Summary: A large multimodal brain imaging study indicates that insomnia, depression, and anxiety—conditions that frequently co-occur—share overlapping brain abnormalities. Researchers report reduced cortical surface area, smaller thalamic volumes, and weaker functional connectivity across all three symptom profiles, while also identifying disorder-specific neural signatures. Mapped together, these findings point to a common amygdala–hippocampus–medial prefrontal cortex circuit that may underlie vulnerability to these conditions, offering possible explanations for why treatments targeting one condition sometimes benefit the others.
Insomnia, depression, and anxiety are among the most common mental health disorders worldwide. They often occur together, respond partially to current treatments, and frequently recur, highlighting the need for new targets for therapeutic development. To explore whether shared brain mechanisms might explain their overlap, researchers from Vrije Universiteit Amsterdam examined brain imaging data from tens of thousands of participants in the UK Biobank.
Key findings
- Shared structural changes: Across the disorders, more severe symptoms were associated with a smaller total cortical surface area and reduced thalamic volumes.
- Shared connectivity changes: All three conditions showed weaker functional connectivity between brain regions, suggesting disrupted communication across large-scale networks.
- Disorder-specific signatures: Insomnia severity related more strongly to reduced volumes in reward-related subcortical regions. Depression severity was linked to thinner cortex in regions involved in language, emotion and reward. Anxiety severity correlated with reduced amygdala reactivity and weaker connectivity in regions enriched for dopamine, glutamate and histamine signaling.
- Convergent circuit: When the distinct regional effects were mapped together, they converged on an amygdala–hippocampus–medial prefrontal cortex circuit, implying that these disorders may represent different facets of vulnerability within a common neural network.

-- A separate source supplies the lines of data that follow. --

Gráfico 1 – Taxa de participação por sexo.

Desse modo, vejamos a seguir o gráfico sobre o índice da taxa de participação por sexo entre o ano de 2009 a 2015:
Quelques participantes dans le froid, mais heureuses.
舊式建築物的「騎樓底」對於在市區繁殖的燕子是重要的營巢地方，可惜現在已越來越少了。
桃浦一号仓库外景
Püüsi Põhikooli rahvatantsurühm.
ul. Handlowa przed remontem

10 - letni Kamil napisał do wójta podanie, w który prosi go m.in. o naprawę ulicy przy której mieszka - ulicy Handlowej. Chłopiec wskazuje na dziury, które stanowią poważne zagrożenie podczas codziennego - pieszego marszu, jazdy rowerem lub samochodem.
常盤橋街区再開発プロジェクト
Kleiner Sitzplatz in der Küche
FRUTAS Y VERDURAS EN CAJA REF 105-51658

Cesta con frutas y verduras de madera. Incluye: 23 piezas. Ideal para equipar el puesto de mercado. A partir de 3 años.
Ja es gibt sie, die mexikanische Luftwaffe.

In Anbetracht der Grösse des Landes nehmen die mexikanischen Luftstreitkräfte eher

Study approach and interpretation
The investigators combined multiple MRI modalities to evaluate brain structure and functional connectivity in a large population sample. By comparing associations between symptom severity and brain measures for insomnia, depression and anxiety within the same dataset, the study separated transdiagnostic commonalities from disorder-specific effects. The consistent associations—smaller cortical surface area, decreased thalamic volume and weaker connectivity—suggest shared neural substrates that could help explain why these conditions frequently co-occur and why interventions affecting one condition sometimes influence the others.

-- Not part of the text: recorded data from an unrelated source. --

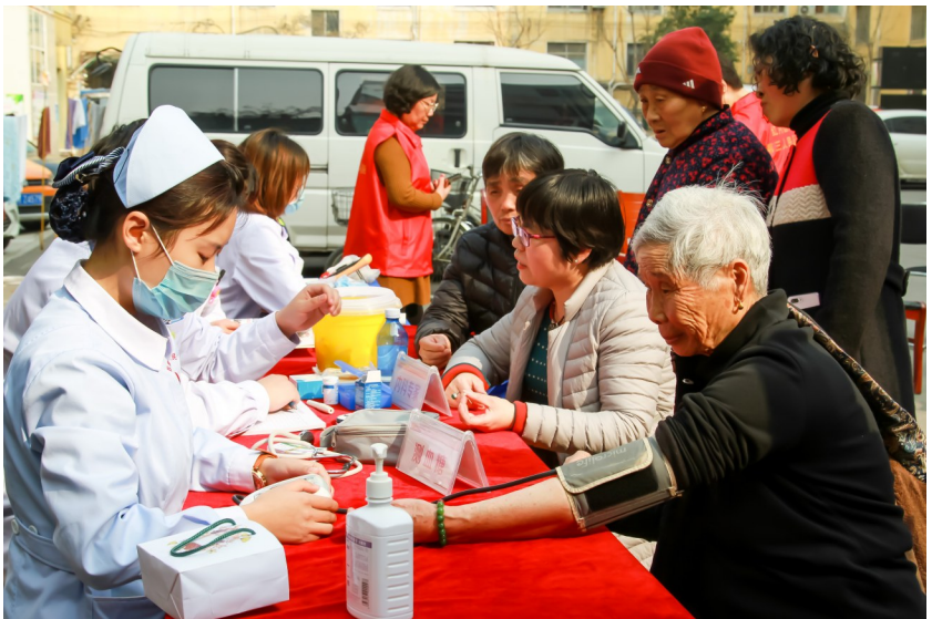
3月5日,许昌市第三人民医院·许昌红月医院医护人员为东大街街道办事处文惠社区居民检查身体。2019年是许昌市第三人民医院·许昌红月医院的“健康科普年”,该院将举办上百场健康科普讲座,增强群众健康意识,提高群众健康水平。

他们与患儿没有血缘关系,却把全部的爱献给了患儿,悉心守护着祖国的花朵。他们是最可爱的人。
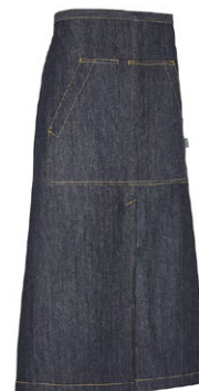
840 Dark Blue
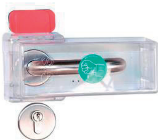
9. kép. Kilincsbúra, egy mozdulattal eltávolítható [24]

A vészkijáratokhoz utólagosan felszerelhető olyan berendezés, amely a kilincs vagy pánikrúd működtetése esetén helyi akusztikus jelzést ad, ugyanakkor a vészkijárat azonnali használhatóságát nem korlátozza [25] [26]. Megfelelő vizuális jelzések, feliratok és előirasztási funkció alkalmazásával a rendeltetéstől eltérő használat megelőzhető. Ilyen kialakításra mutat példát a 10. és a 11. kép.
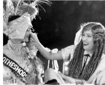
1925 LE PRIX D'UNE FOLIE (The Coast of Folly) d'Allan Dwan avec Dorothy Cumming
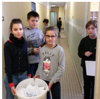
tour des classes
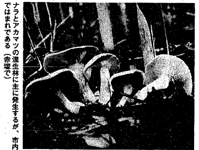
ナラとアカマツの混生林に主に発生するが、市内ではまれである(赤塚で)
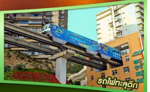
รถไฟฟ้าลัดคิว
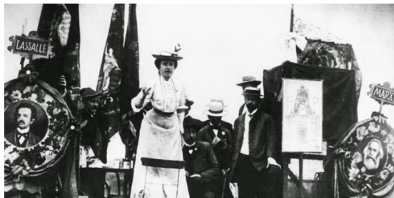
Rosa Luxemburgo en un mitin obrero

Y esta es una regla general de las revoluciones que involucran las masas de los oprimidos. La revuelta Espartaquista original de los esclavos en la Antigua Roma falló en que no marchó sobre la ciudad de Roma. En la Revolución Francesa de 1794, el programa de la comuna de guerra propagandística y republicana de Europa fue sabotada por Robespierre y el Comité de Salud Pública(4). Marx dijo que la Comuna de París, al tomar el poder en 1871,
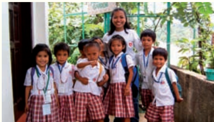
Skolbarn på Leto Christian Center.

Vår granne har byggt en skyskrapa vägg i vägg med oss och den stod färdig 2007. Vi har haft många problem med detta bygge eftersom vår byggnad fick sättningar och vattenavrinningen från skyskrapan hamnade på vår tomt. Dessa problem avhjälpes under året och byggfirman stod för alla kostnader. Vårt bageri har kommit i full sving 2007 och nu gör vi alla brödprodukter själva till våra hjälpprogram.
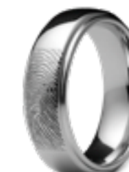
RF 05.6 Glanz B 0.6 cm
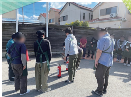
消火器の使用方法を説明
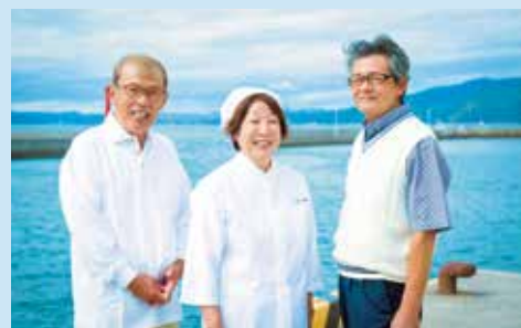
上関のベテラン料理人がタッグを組み共同開発したお墨付きの逸品

出品者：カイキョー館・銀波荘 内容：上関産魚介類の灰干し5種 申込：通年 配送：通年
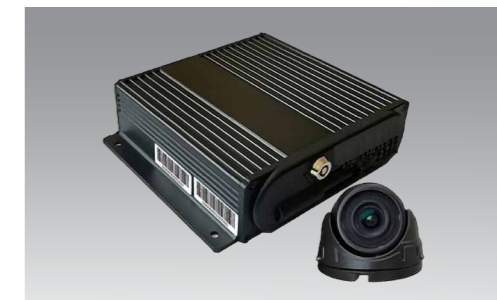
Camera + Thiết bị định vị
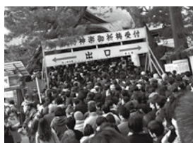
My First Hatsumode 日本で初めての初詣（白山神社・新潟市）

Happy New Year, everybody! Around the end of the year, I like to spend time to reflect on how the year has gone. Some people keep a diary to document their year, but I prefer to keep track of my experiences through taking pictures. I love visiting new places to take interesting photos. In this way, I can combine my hobbies of photography and traveling. Here are my top five favorite moments from 2018 as expressed in photos. I hope that 2019 will be as full of adventures as 2018 was.
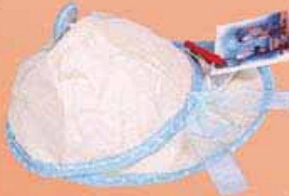
Ref. D044/01009 Gorra niño
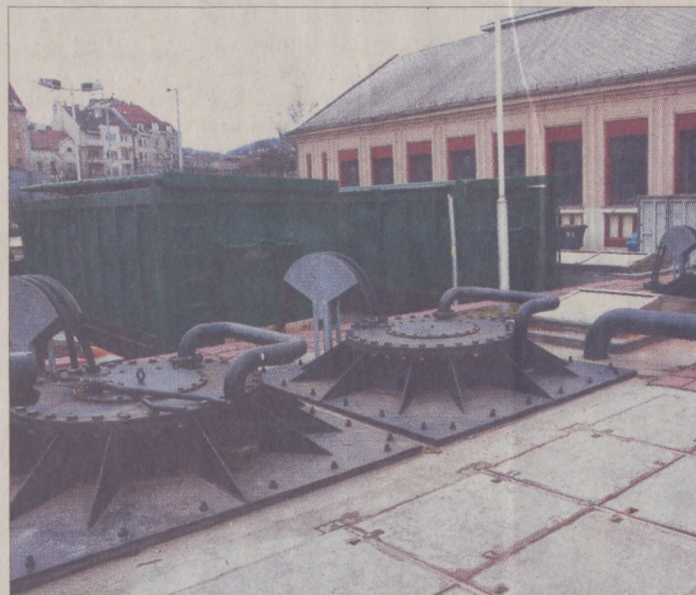
A fővárosban termelő szennyvíz kilencvenöt százaléka, és a csatornahálózatba kerülő víz száz százaléka biológiai tisztítást követően juthat a Dunába

A teljes hálózat tesztüzeme július 31-én lezárul, eddig kell elkészülniük a kiegészítő beruházásoknak is. Ilyen a Döbrentei tér közelében, a Rudas fürdőnél megkezdett csapadékvíz elvezető csatornák megépítése. A munkálatok idején forgalomtechnikai változásokat vezetnek be a fürdőnél, a Gellért hegy felőli oldalon a 2x2 sávú út 2x1 sávúra szűkül, valamint parkolási tilalom lép életbe. A fürdőnél délre található jelzőlámpás kereszteződésben megcserelelték az autós és a buszszávjat. Továbbra is megmarad a jobbra kanyarodási tilalom a Szent Gellért rakparton északi irányból érkezők számára az Erzsébet híd irányába, a dél felé haladó autósoknak viszont már nem kell a villamossíneknek közlekedniük. A korlátozások várhatóan március végéig maradnak érvényben. A csatorna átépítés eredményeként elkülönül egymástól a Rudas fürdő szennyvíze, valamint a környezetre ártalmatlan fürdővíz és csapadékvíz. Utóbbiak továbbra is a Dunába folynak, a szennyvíz viszont a budai Duna-parti főgyűjtőcsatornába kerül.
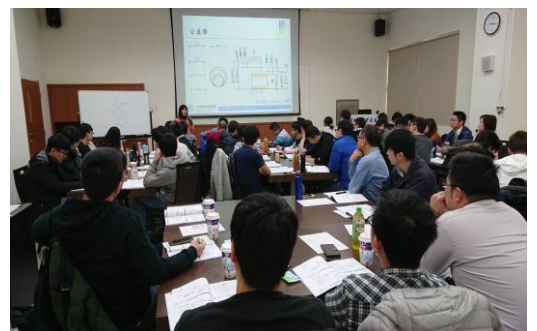
▲上課&圖面討論及演練
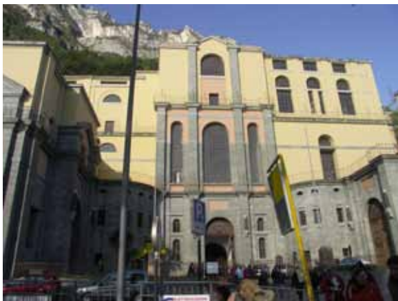
Pogled na črpalno postajo Riva del Garda
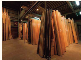
■柱づかいを中心として、様々な樹種がございます
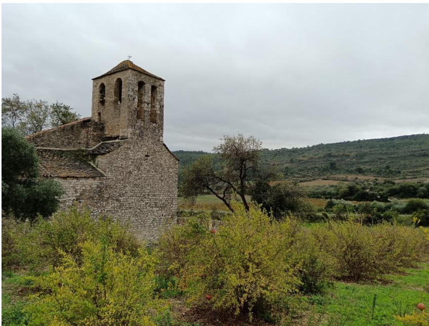
Eglise de La Caunette
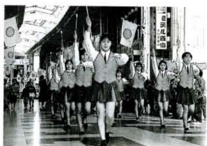
▲チアリーダー 向陽高校の生徒の皆さんによる若々しい演技です。

At the same time, disorder-specific patterns point to distinct biological processes. For insomnia, links with reward-related subcortical shrinkage may reflect altered motivational or arousal systems. Depressive symptoms were most strongly related to cortical thinning in networks tied to language and emotion processing. Anxiety showed a distinct profile with blunted amygdala responsiveness and impaired connectivity in regions where key neurotransmitters modulate communication, consistent with altered threat processing and neurochemical signaling.
Clinical and research implications
The overlap and divergence observed in this large-scale imaging study have several practical implications. First, identifying a shared circuit helps explain clinical comorbidity and cross-disorder treatment effects: for example, addressing sleep problems can sometimes relieve depressive symptoms. Second, the disorder-specific signatures offer candidate targets for tailored interventions and mechanistic studies. Finally, mapping both common and distinct brain features creates a framework for future longitudinal and interventional work to determine causal relationships and to guide precision treatments.
As the authors note, insomnia has often been overlooked in research that focuses on anxiety and depression, despite its high comorbidity. This study is among the first to analyze all three conditions simultaneously on a large scale, highlighting both shared vulnerabilities and unique neural contributions. Further research—particularly longitudinal studies and trials that manipulate sleep, mood, or anxiety symptoms—will be needed to test whether the observed brain differences predict onset, progression, or treatment response.
About this insomnia and mental health research news
Author: Eline Feenstra
Source: KNAW
Contact: Eline Feenstra – KNAW
Image: The image is credited to Neuroscience News
Original Research: Closed access.
“Multimodal brain imaging of insomnia, depression and anxiety symptoms indicates transdiagnostic commonalities and differences” by Elleke Tissink et al., Nature Mental Health
Abstract (summary)
Insomnia disorder, major depressive disorder and anxiety disorders are common and frequently co-occur, sharing genetic risk factors and suggesting possible shared brain mechanisms. Using multimodal magnetic resonance imaging, the study examined brain features associated with symptom severity across these conditions in a large UK Biobank sample. Smaller total cortical surface area, reduced thalamic volumes and weaker functional connectivity were consistently linked with greater symptom severity across all three disorders. Disorder-specific associations included smaller reward-related subcortical structures with insomnia severity, cortical thinning in language, reward and limbic regions with depressive severity, and weaker amygdala reactivity and connectivity in neurotransmitter-enriched regions with anxiety severity. Many of these symptom-specific effects fell within the amygdala–hippocampal–medial prefrontal circuit, underlining the interconnected nature of these conditions and suggesting new directions for research and therapeutic development.